TASK ITEM:
The answer is the full listing restated exactly, without any pictures.

INFORMATION SUPPLIED:

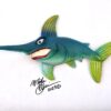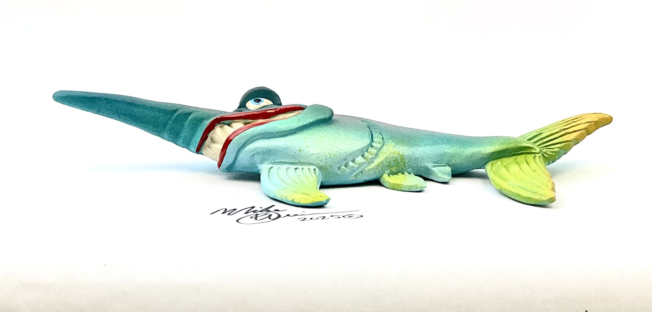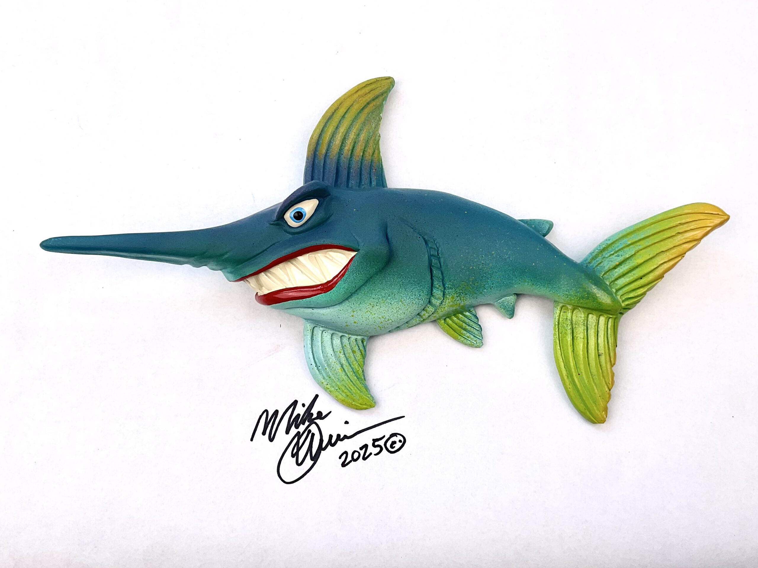 You’ll find him trolling the continental shelf.  He likes it where the water is deep and salty!  He measures 11″ x 6″ and hangs on the wall with a built-in hook. He’s sporting a hand-painted custom finish that is designed for indoor use or outside in a protected/covered area.
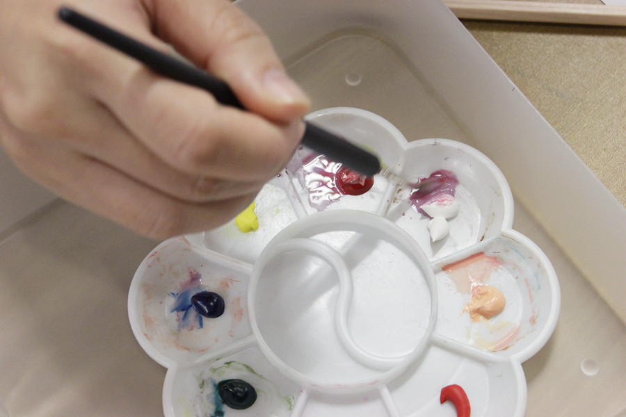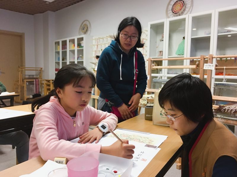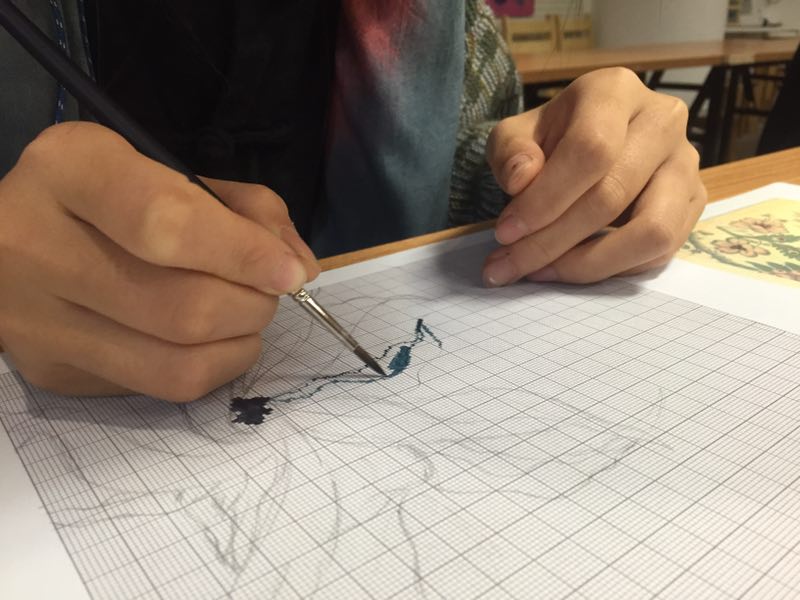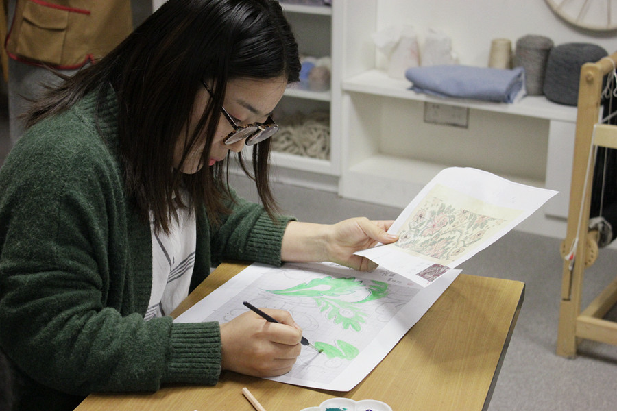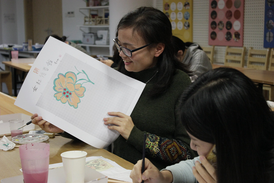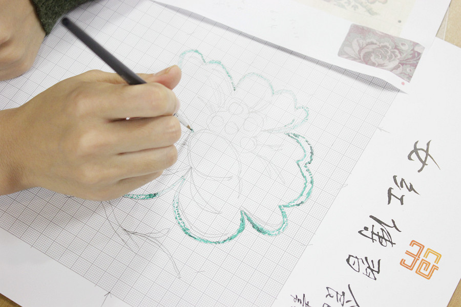 在此次工坊中,學(xué)員們體驗的主要是其中的三個步驟:紋樣放大、勾邊、涂色。
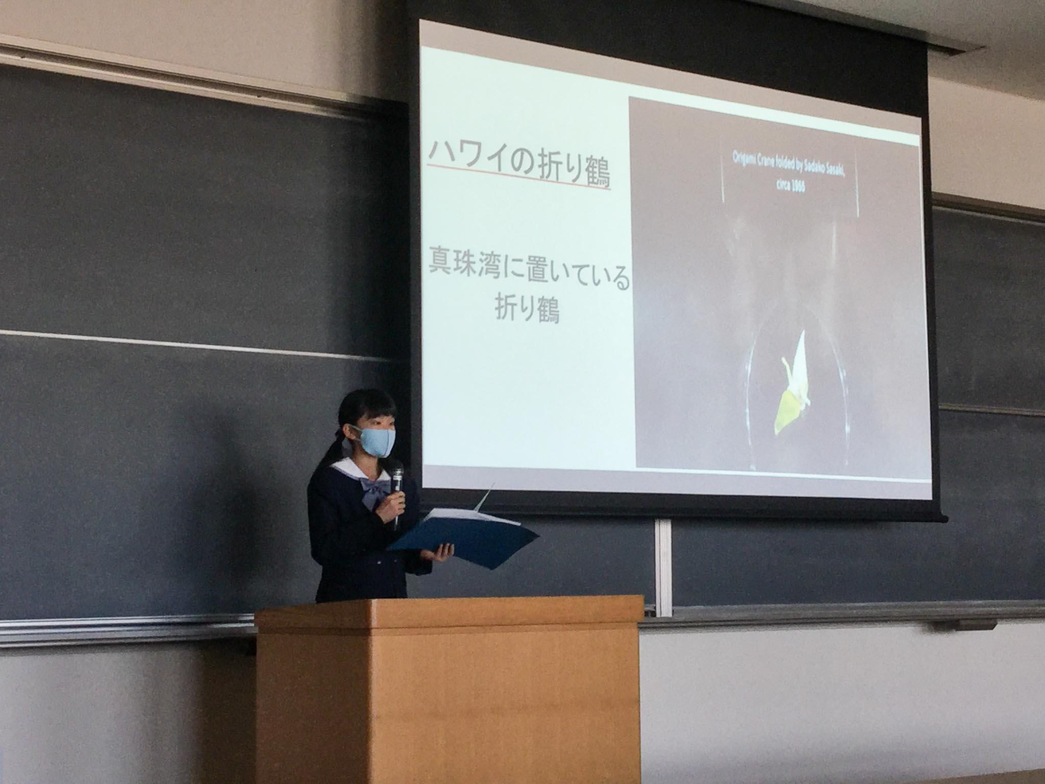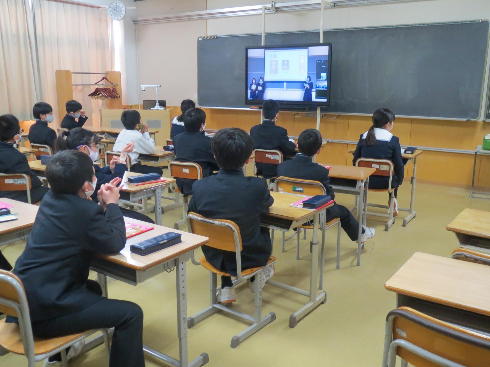 M1学年は、広島への宿泊学習に向け、様々なテーマで調べたことを、パワーポイントにまとめて発表してくれました。「貞子さんについて」調べたグループは、原爆が落ちた広島にいた貞子さんについて考えながら、ハワイのパールハーバーでも展示されていることにも触れ、お互いを認め合い心の輪をつなげていくことが必要、過ごしている毎日はとても価値があることなどに考えを至らせていました。「大久野島」、「戦争中の町や建物の様子」などをテーマに自分たちがすべきことは何か、考えたことを発表してくれました。

WRITTEN RESPONSE:
 You’ll find him trolling the continental shelf.  He likes it where the water is deep and salty!  He measures 11″ x 6″ and hangs on the wall with a built-in hook. He’s sporting a hand-painted custom finish that is designed for indoor use or outside in a protected/covered area.
 在此次工坊中,學(xué)員們體驗的主要是其中的三個步驟:紋樣放大、勾邊、涂色。
 M1学年は、広島への宿泊学習に向け、様々なテーマで調べたことを、パワーポイントにまとめて発表してくれました。「貞子さんについて」調べたグループは、原爆が落ちた広島にいた貞子さんについて考えながら、ハワイのパールハーバーでも展示されていることにも触れ、お互いを認め合い心の輪をつなげていくことが必要、過ごしている毎日はとても価値があることなどに考えを至らせていました。「大久野島」、「戦争中の町や建物の様子」などをテーマに自分たちがすべきことは何か、考えたことを発表してくれました。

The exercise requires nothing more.